## Pre processing 

The following notebook keep tweets in spanish, remove accents, and other data engineering steps to create the data for our model. 

In [1]:
# Language detection 
import langid  
from langdetect import detect  
import textblob

# Data manipulation and other
import pandas as pd
import numpy as np
import datetime as dt
import os
import unidecode

In [2]:
# Current and data working directory
cwd = os.getcwd()
dwd = cwd + "\\data_csv\\"

In [3]:
# Import csv data sets
bolP  = pd.read_csv(dwd + "querybol_p.csv"   , low_memory = False)
bolNP = pd.read_csv(dwd + "querybol_np.csv"  , low_memory = False)
chiP  = pd.read_csv(dwd + "querychil.csv"    , low_memory = False)
chiNP = pd.read_csv(dwd + "querychil_np.csv" , low_memory = False)
colP  = pd.read_csv(dwd + "querycol_p.csv"   , low_memory = False)
colNP = pd.read_csv(dwd + "querycol_nonp.csv", low_memory = False)

### Language detection

In [4]:
# Create function to evaluate language
# Source: http://blog.manugarri.com/sentiment-analysis-in-spanish/

def langid_safe(tweet):  
    try:
        return langid.classify(tweet)[0]
    except Exception as e:
        pass

def langdetect_safe(tweet):  
    try:
        return detect(tweet)
    except Exception as e:
        pass

def textblob_safe(tweet):  
    try:
        return textblob.TextBlob(tweet).detect_language()
    
    except Exception as e:
        pass 

In [5]:
# Create temp data to test language detect functions
temp = colP.iloc[:5].copy()
colP.text[:5]

0    Diss 30nov passejarem per les ribes del Brugen...
1    @IvanDuque el tocino sigue asesinando su puebl...
2    A ver si lo entienden quienes pretenden vender...
3    Luisa Amanda ha padecido las penurias de mante...
4    #29NParoNacional una manera de protestar es no...
Name: text, dtype: object

In [6]:
# Temp data to evaluate time per function 
%timeit temp['lang_langid']     = temp.text.apply(langid_safe)  
%timeit temp['lang_langdetect'] = temp.text.apply(langdetect_safe)  
%timeit temp['lang_textblob']   = temp.text.apply(textblob_safe)

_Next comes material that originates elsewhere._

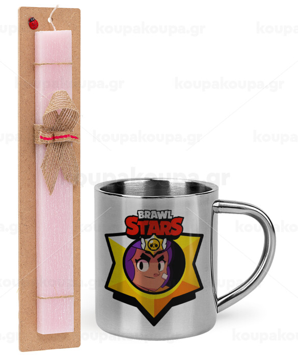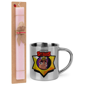 Brawl Stars Shelly, Easter Set, metallic thermal cup (300ml) & aromatic flat Easter candle (30cm) (PINK)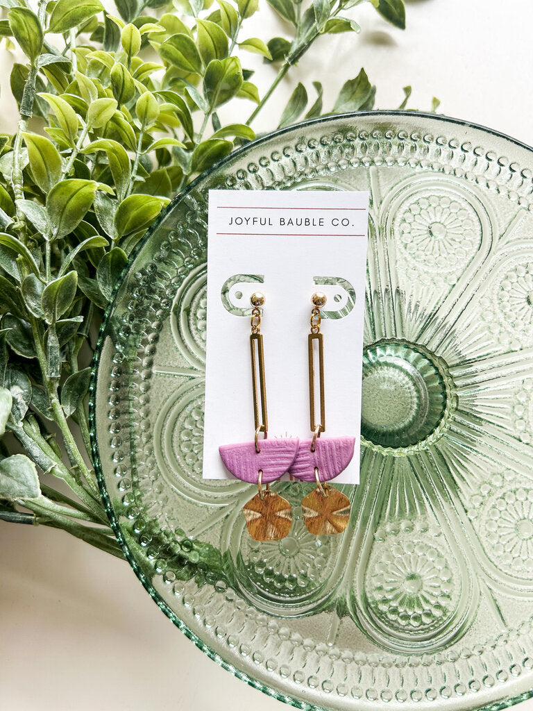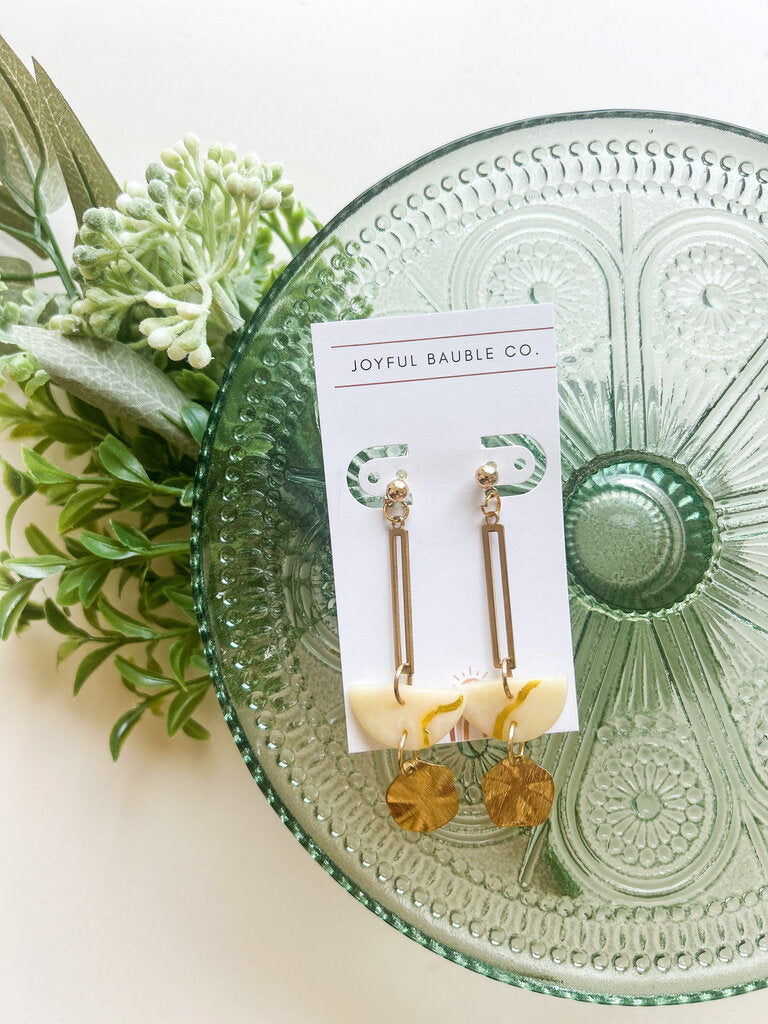 Polymer clay dangle earrings with brass metal accents.

17.5 ms ± 1.49 ms per loop (mean ± std. dev. of 7 runs, 1 loop each)
27.7 ms ± 1.12 ms per loop (mean ± std. dev. of 7 runs, 1 loop each)
319 ms ± 20.1 ms per loop (mean ± std. dev. of 7 runs, 1 loop each)


In [7]:
# Lists of dataframes
pdlist = [bolP, bolNP, chiP, chiNP, colP, colNP]

In [8]:
# Create language id 
for data in pdlist:
    data['lang_langid'] = data.text.apply(langid_safe)

In [None]:
# Keep tweets only in spanish
bolP  = bolP [bolP.lang_langid  == "es"]
bolNP = bolNP[bolNP.lang_langid == "es"]
chiP  = chiP [chiP.lang_langid  == "es"]
chiNP = chiNP[chiNP.lang_langid == "es"]
colP  = colP [colP.lang_langid  == "es"]
colNP = colNP[colNP.lang_langid == "es"]

In [None]:
# Validate how balance are the datasets
bolP.shape, bolNP.shape, chiP.shape, chiNP.shape, colP.shape, colNP.shape

### Data engineering (continuation)

1. Create protest and country id
2. Append datasets
3. Keep variables of interest
4. Create clean text with hashtags and mentioned users
5. Remove accents

In [None]:
# Create protest and country id 
bolP ["country"], bolP ["protest"] = ["bol",1]
bolNP["country"], bolNP["protest"] = ["bol",0]
chiP ["country"], chiP ["protest"] = ["chi",1] 
chiNP["country"], chiNP["protest"] = ["chi",0]
colP ["country"], colP ["protest"] = ["col",1] 
colNP["country"], colNP["protest"] = ["col",0]

In [None]:
# Append datasets
tweetslat = bolP.copy()
tweetslat = tweetslat.append(bolNP)
tweetslat = tweetslat.append(chiP)
tweetslat = tweetslat.append(chiNP)
tweetslat = tweetslat.append(colP)
tweetslat = tweetslat.append(colNP)

In [None]:
tweetslat.shape

In [None]:
# Select variable of interest
tweetslat = tweetslat[['user_id','country','protest',
                       'timestamp','text','hashtags','mentioned_users',
                       'likes','retweets',
                       'cleaned_text']]

In [None]:
# String variables to lowercase 
tweetslat['hashtags']        = tweetslat['hashtags'].apply(str.lower)
tweetslat['mentioned_users'] = tweetslat['mentioned_users'].apply(str.lower)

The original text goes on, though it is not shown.